Sounds like an ideal candidate for an impeller kit! 
that would probably fix it right up..

Scot


----------



## Simplicity Solid 22 (Nov 27, 2012)

Micah68kj,,,isn't yours an 8hp Gilson???
Didn't someone just buy a Gilson on here and have that exact problem??? but he had an inch of snow...right??
I would check both belts and everything before caving on the Gilson...They seem to be decent machines as sscotsman said.


----------



## detdrbuzzard (Jan 20, 2012)

are the belts ok? sorry to hear this, its not good news.
we have about 3 1/2 inches so i plan on using the craftsman in the morning


----------



## micah68kj (Oct 8, 2011)

Well fellas, 
I really didn't put a whole lot of work into it.
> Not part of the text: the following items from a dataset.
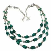 COL-016 - COLLIER PARURE SAUTOIR 3 rangs de perles en EMERAUDE polies ovales 8 x 15 mm -290 carats - 58 gr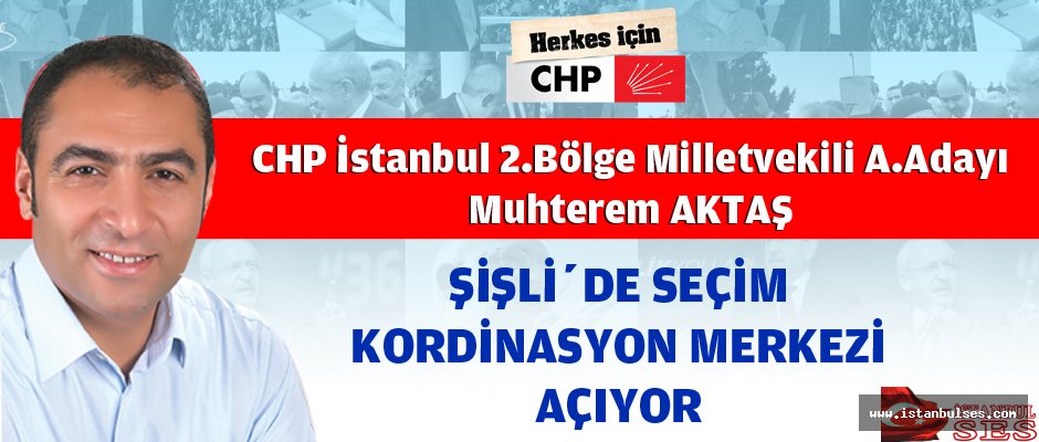 CHP 2.Bölge Milletvekili A. Adayı Av. Muhterem Aktaş seçim çalışmalarını koordine etmek için 15 Mart Saat:15:00'da Abidei Hürriyet Caddesi No:205 Şişli (Şişli Minibüs Durakları Karşısı) adresinde seçim koordinasyon merkezini açacak.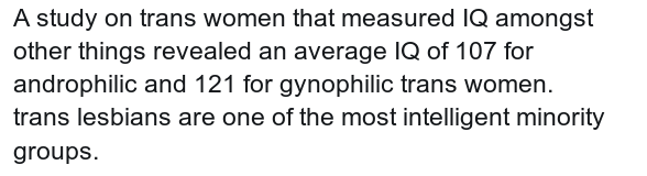 >>43108062Well to be fair the sample is biased here because you obviously can only study out trans people. All the truly stupid trans people became bitter repper MAGA chuds because they can't imagine ever going against the gender hivemind.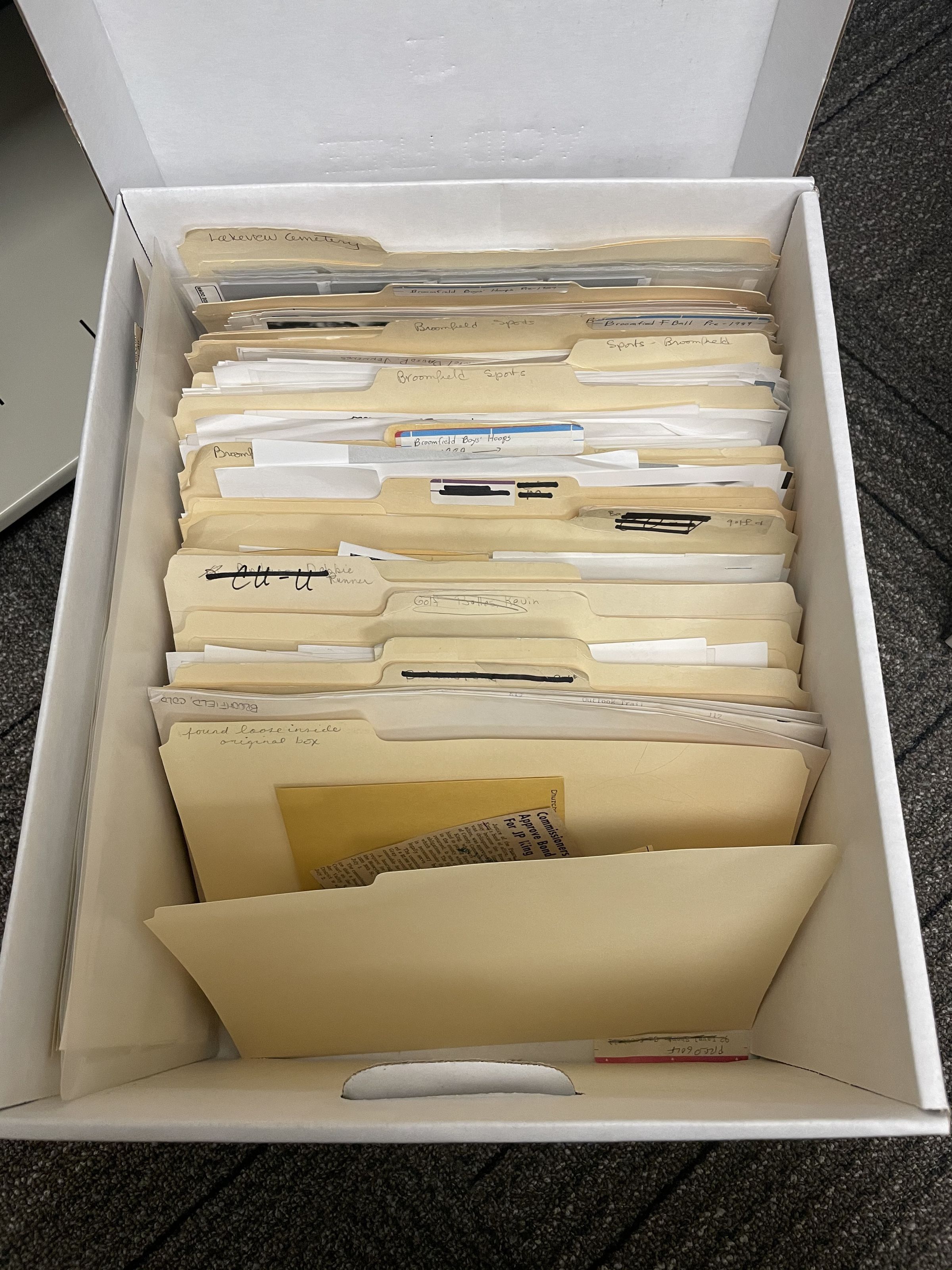 Collection of clippings from the Daily Camera pertaining to Broomfield. Two bankers boxes of various records, including MANY original photo negatives, printed photos, newsclippings, and copy used to make newspaper.Lexicon

It is in excellent condition and it really hasn't seen much use. It has the original scraper bar on it and the bar still has the paint on it. Those old solid rubber tires were still like new when I took 'em off. It still has the original drive disc on it and it looks new. 
So, All I did was disassemble and clean the carb. New fuel filter, belts, oil change shear pins, electric starter, (The starter was voluntary. It never had had one on it) and new fuel lines. All of it was pretty much a labor of love. I really like "fixing" things. The Briggs 8 H.P. engine has great compression and runs excellent. I did tweak the carb and it helped some but it just isn't doing what it should. The snow I was moving(?) was about 4-6" of fairly wet stuff that my old MTD would have flang about 15-20'. I really think it would perform much better if I got one of those kits or cut up some mine belting or some other heavy rubber. 
Glad I have 4 Toros for backup!
Hey. Things could always be worse. Just gotta be thankful for the things we have that actually work well. It'll be alright.


----------



## td5771 (Feb 21, 2011)

Just to check, I would move the auger belt tensioner as tight as it will go. I know it will be constantly spinning but between that and the force put on it by the engagement lever you will know if there is any slippage.

Also put it in the fastest wheel speed setting to force feed it as much as possible.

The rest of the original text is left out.